* _Task goal_: Could you retype, exactly and with no pictures, only the lines from the first line of the records below through the line that contains "Решив систему, получим"?

*** Opening of Supplied data ***

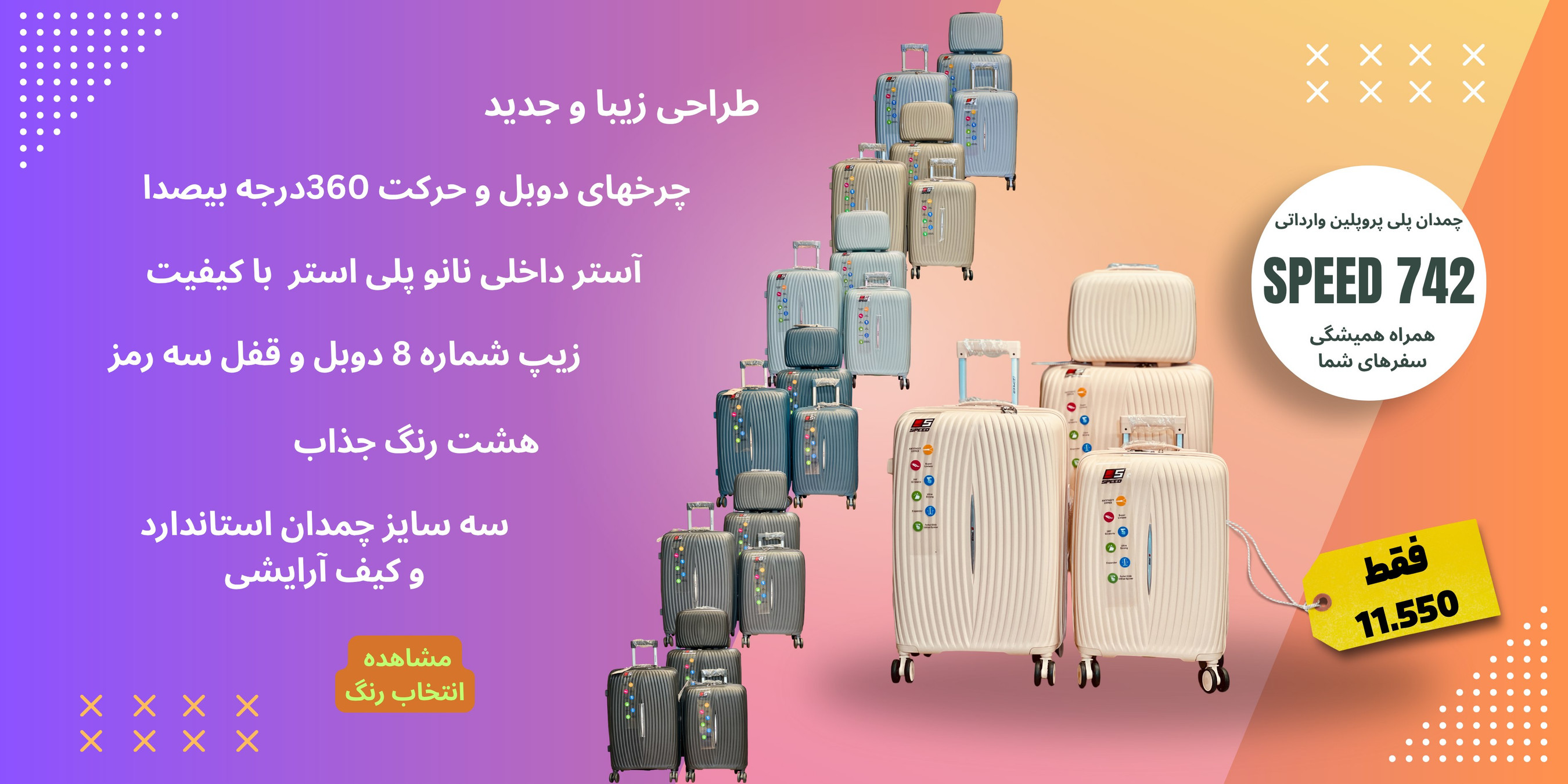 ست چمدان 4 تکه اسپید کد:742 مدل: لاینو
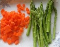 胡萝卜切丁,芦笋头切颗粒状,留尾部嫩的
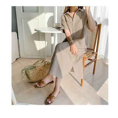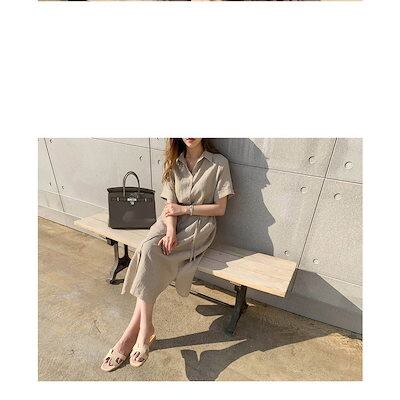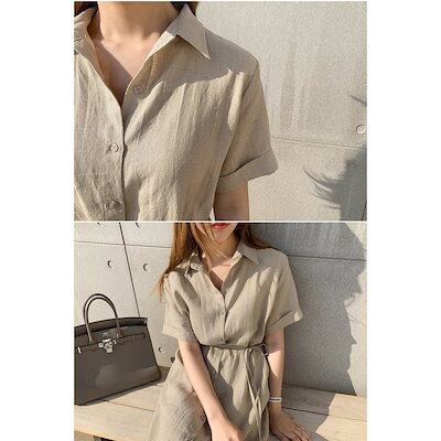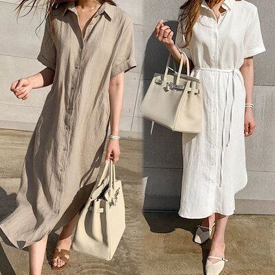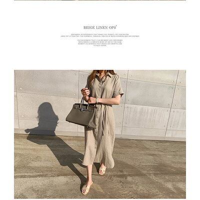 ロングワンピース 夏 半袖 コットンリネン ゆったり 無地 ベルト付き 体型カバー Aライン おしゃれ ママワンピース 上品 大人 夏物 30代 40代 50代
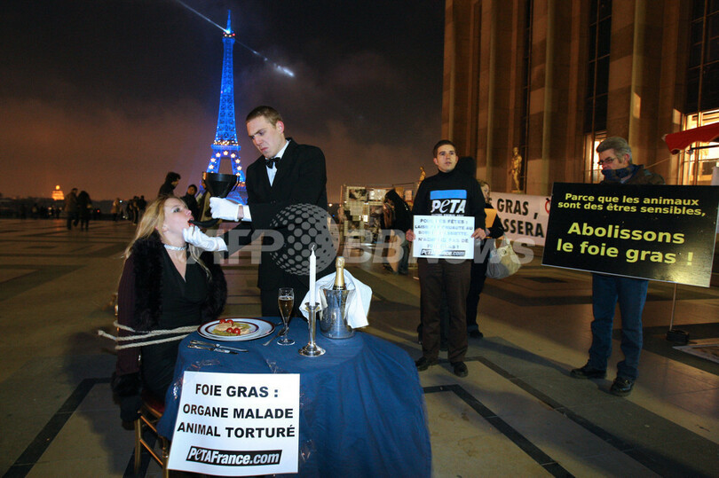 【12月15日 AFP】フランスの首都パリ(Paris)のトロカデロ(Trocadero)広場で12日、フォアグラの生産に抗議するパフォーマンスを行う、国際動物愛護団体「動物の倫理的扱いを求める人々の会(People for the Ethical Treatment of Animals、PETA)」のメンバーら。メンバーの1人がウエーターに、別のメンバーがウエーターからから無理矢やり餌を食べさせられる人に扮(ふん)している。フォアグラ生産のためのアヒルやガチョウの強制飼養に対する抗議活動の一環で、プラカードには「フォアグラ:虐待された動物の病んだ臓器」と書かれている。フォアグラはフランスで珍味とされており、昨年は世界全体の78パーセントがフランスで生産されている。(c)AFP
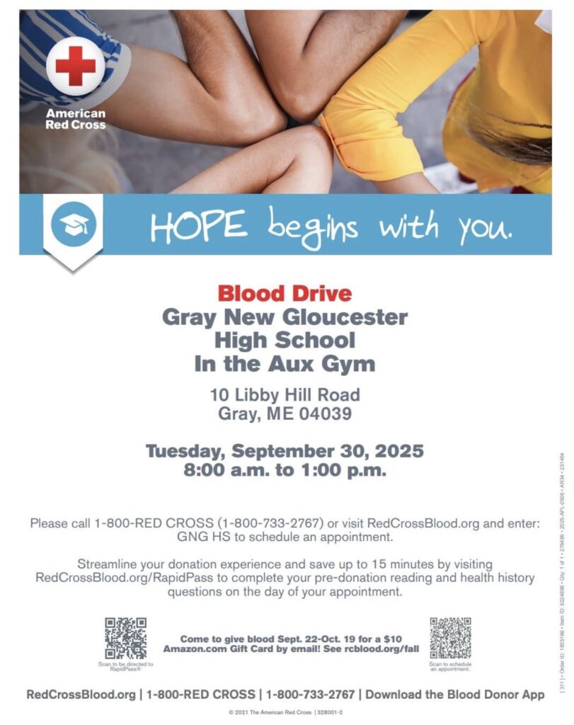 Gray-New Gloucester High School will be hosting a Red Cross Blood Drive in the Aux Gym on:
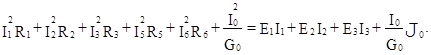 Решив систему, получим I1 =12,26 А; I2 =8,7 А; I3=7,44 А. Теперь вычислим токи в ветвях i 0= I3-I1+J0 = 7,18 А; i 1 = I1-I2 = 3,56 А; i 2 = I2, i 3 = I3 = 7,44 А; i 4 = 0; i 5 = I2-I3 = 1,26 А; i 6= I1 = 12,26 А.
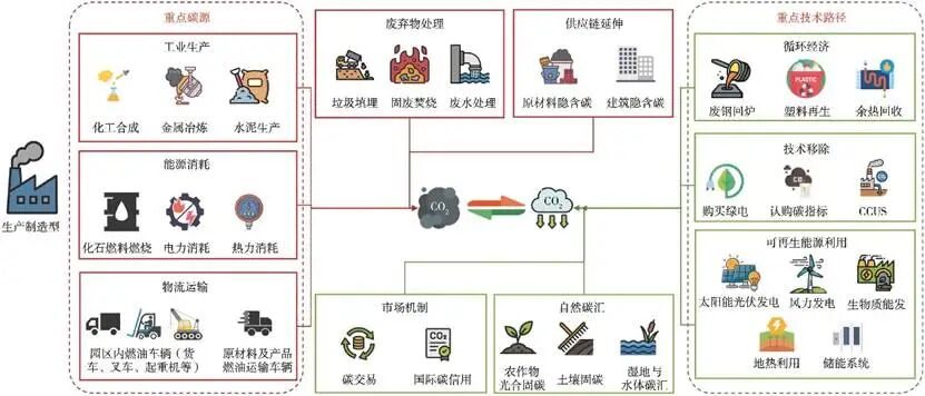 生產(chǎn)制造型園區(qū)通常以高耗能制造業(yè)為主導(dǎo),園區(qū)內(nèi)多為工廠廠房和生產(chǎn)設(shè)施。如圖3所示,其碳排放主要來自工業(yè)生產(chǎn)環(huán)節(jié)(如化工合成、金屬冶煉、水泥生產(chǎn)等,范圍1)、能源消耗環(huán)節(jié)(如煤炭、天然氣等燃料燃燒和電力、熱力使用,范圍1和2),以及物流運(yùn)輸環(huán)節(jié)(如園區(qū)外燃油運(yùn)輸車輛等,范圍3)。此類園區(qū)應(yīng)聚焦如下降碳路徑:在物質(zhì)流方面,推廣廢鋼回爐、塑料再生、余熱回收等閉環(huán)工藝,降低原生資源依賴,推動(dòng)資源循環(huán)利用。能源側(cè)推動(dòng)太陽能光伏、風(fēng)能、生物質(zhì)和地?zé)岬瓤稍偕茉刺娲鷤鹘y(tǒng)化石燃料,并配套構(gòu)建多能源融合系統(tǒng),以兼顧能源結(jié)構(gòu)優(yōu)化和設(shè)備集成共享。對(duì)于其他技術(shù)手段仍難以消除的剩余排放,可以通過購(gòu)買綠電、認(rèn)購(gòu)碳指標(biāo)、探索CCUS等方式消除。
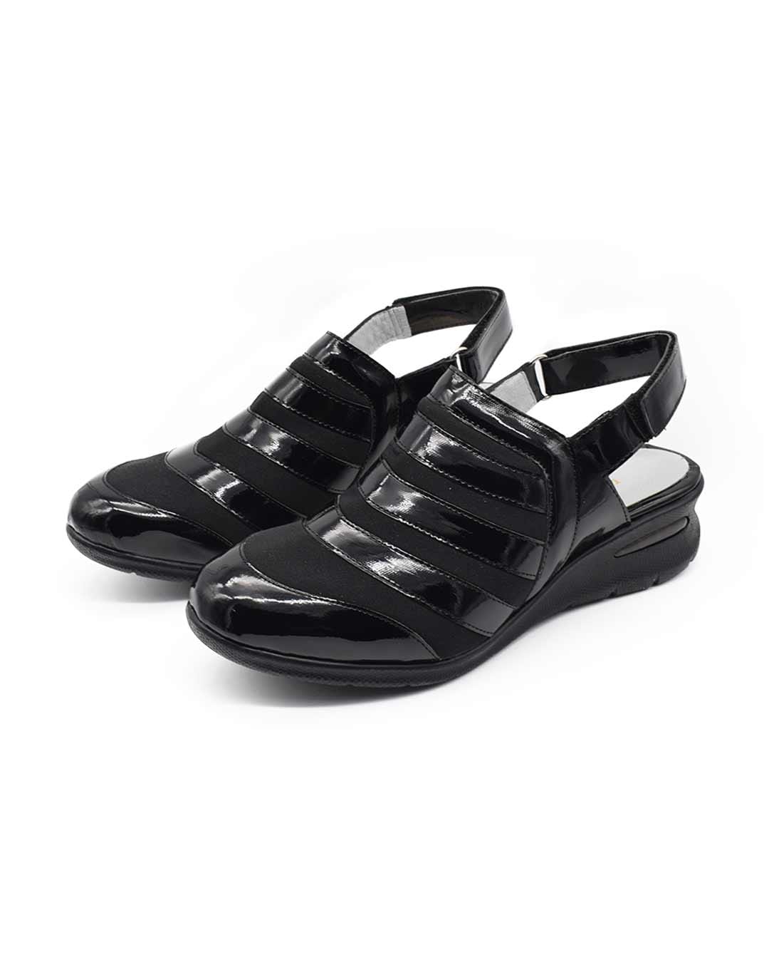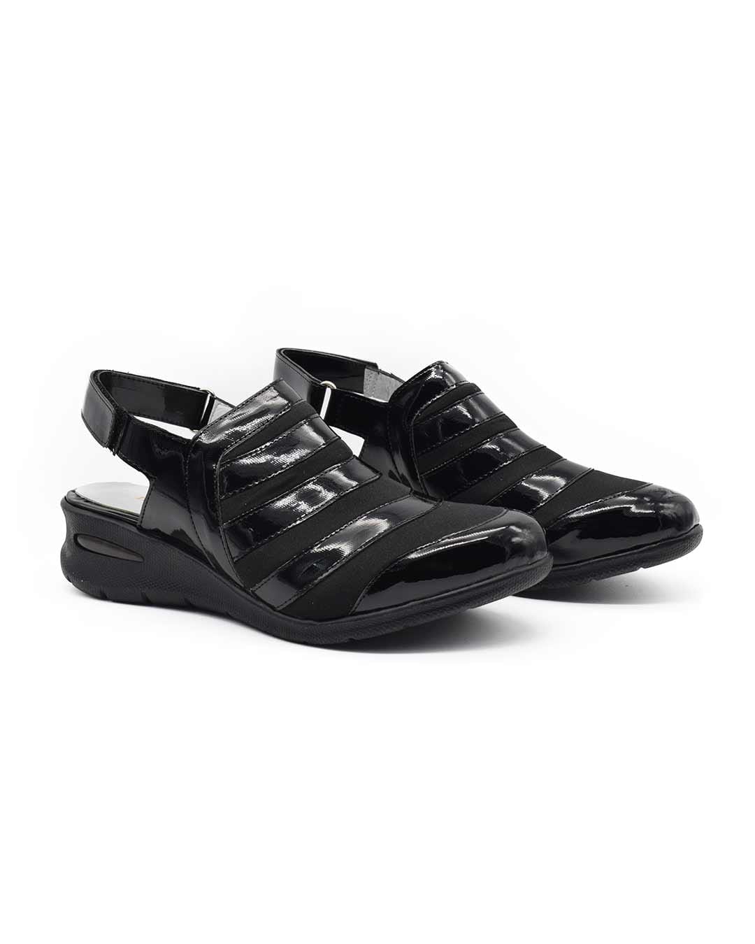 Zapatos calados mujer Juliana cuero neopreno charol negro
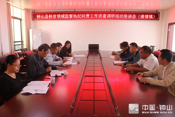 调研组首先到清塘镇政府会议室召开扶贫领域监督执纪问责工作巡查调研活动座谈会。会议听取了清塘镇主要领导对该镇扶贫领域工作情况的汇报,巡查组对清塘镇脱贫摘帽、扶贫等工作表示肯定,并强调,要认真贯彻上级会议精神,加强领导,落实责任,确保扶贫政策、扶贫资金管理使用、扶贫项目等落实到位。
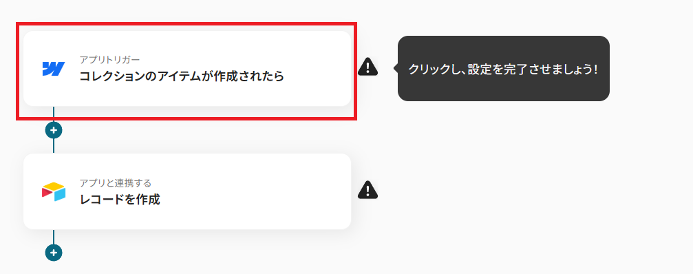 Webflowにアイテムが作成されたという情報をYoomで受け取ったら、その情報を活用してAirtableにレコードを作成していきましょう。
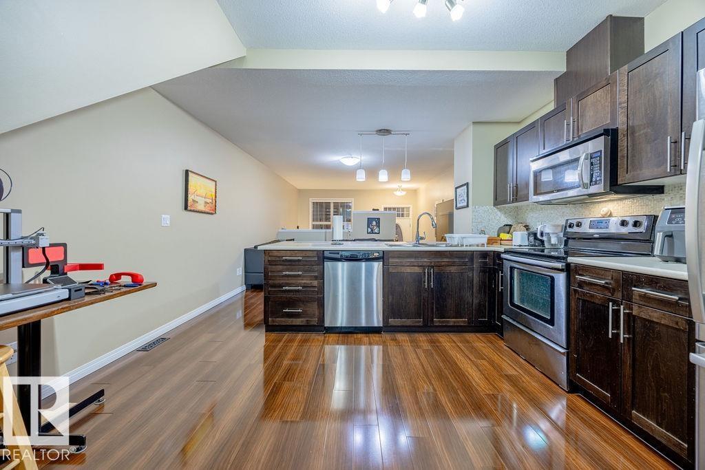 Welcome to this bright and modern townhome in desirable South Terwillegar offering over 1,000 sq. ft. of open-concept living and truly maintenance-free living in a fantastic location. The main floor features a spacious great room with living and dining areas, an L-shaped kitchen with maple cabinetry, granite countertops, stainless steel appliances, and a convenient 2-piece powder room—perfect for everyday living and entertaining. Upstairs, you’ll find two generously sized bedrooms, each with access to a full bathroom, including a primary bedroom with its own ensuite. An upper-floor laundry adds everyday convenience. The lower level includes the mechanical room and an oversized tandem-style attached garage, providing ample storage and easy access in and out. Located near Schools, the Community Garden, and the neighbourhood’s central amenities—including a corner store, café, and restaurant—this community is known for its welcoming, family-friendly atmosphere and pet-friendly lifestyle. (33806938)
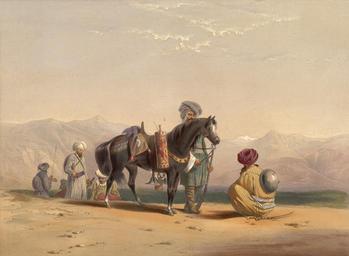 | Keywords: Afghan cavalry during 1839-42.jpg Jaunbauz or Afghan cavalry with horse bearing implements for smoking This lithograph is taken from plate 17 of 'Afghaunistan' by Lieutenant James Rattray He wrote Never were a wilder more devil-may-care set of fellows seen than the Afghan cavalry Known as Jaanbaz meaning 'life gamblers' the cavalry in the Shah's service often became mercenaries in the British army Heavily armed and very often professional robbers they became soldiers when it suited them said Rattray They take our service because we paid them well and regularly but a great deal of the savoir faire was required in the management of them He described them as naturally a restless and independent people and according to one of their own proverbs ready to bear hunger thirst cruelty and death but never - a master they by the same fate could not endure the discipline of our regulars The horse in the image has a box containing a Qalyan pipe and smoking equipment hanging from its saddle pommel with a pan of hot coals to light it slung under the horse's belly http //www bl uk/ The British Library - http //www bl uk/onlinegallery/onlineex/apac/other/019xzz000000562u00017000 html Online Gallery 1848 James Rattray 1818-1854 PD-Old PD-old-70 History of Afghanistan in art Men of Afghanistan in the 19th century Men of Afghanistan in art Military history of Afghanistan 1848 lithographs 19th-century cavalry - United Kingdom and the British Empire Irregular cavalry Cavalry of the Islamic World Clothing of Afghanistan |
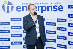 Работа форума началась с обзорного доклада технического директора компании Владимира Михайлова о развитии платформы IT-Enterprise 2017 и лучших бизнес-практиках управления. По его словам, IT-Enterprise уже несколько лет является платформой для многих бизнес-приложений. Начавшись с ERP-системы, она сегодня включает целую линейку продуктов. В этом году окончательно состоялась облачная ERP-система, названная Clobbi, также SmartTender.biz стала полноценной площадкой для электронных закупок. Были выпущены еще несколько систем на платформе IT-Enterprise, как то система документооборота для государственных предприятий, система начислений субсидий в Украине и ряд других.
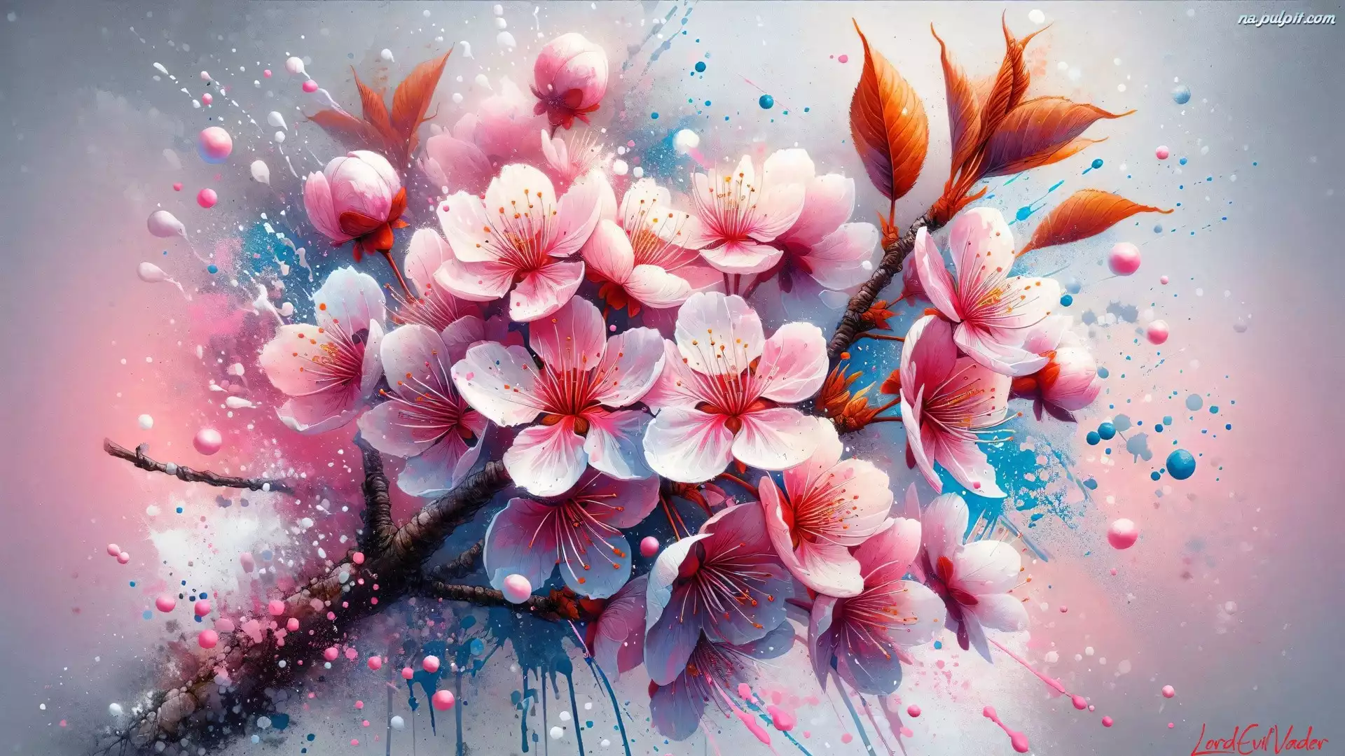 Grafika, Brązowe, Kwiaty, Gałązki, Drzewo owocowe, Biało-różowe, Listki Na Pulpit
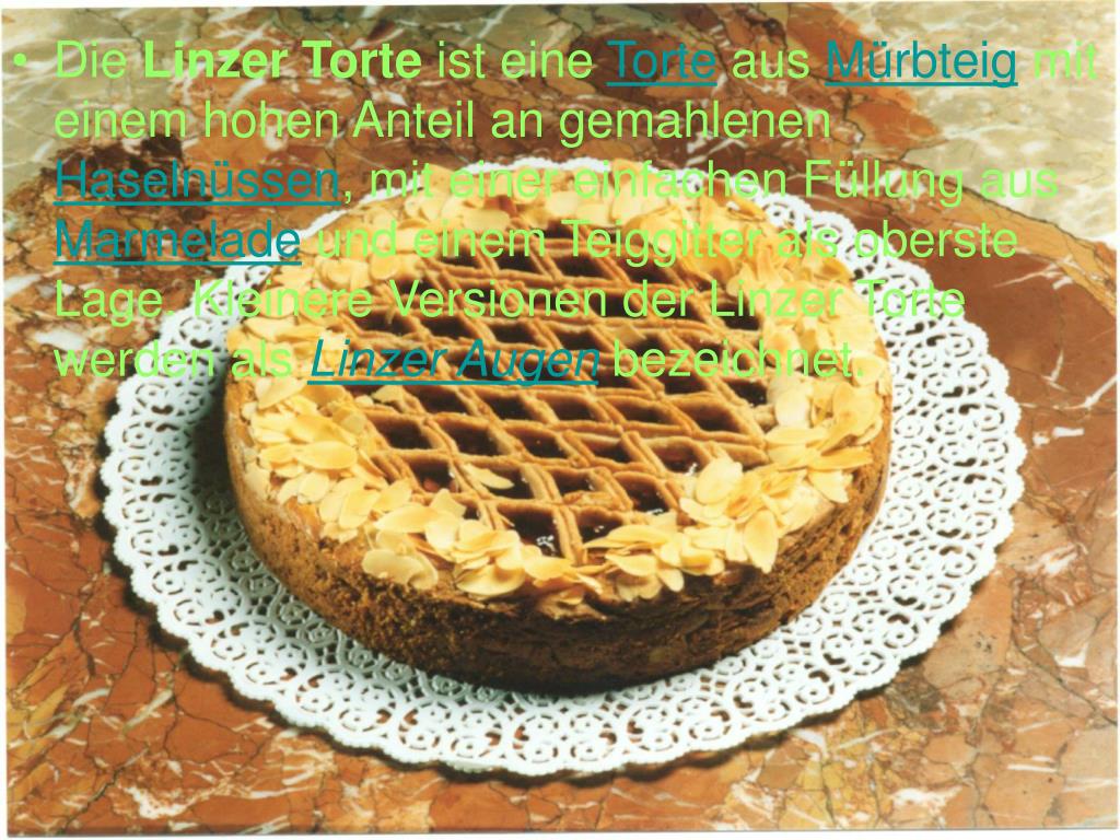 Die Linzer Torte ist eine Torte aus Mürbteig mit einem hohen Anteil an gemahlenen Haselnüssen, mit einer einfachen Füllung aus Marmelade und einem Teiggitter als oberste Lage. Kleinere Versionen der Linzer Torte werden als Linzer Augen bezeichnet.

*** Close of Supplied data ***

* _Written reply_:
 ست چمدان 4 تکه اسپید کد:742 مدل: لاینو
 胡萝卜切丁,芦笋头切颗粒状,留尾部嫩的
 ロングワンピース 夏 半袖 コットンリネン ゆったり 無地 ベルト付き 体型カバー Aライン おしゃれ ママワンピース 上品 大人 夏物 30代 40代 50代
 【12月15日 AFP】フランスの首都パリ(Paris)のトロカデロ(Trocadero)広場で12日、フォアグラの生産に抗議するパフォーマンスを行う、国際動物愛護団体「動物の倫理的扱いを求める人々の会(People for the Ethical Treatment of Animals、PETA)」のメンバーら。メンバーの1人がウエーターに、別のメンバーがウエーターからから無理矢やり餌を食べさせられる人に扮(ふん)している。フォアグラ生産のためのアヒルやガチョウの強制飼養に対する抗議活動の一環で、プラカードには「フォアグラ:虐待された動物の病んだ臓器」と書かれている。フォアグラはフランスで珍味とされており、昨年は世界全体の78パーセントがフランスで生産されている。(c)AFP
 Gray-New Gloucester High School will be hosting a Red Cross Blood Drive in the Aux Gym on:
 Решив систему, получим I1 =12,26 А; I2 =8,7 А; I3=7,44 А. Теперь вычислим токи в ветвях i 0= I3-I1+J0 = 7,18 А; i 1 = I1-I2 = 3,56 А; i 2 = I2, i 3 = I3 = 7,44 А; i 4 = 0; i 5 = I2-I3 = 1,26 А; i 6= I1 = 12,26 А.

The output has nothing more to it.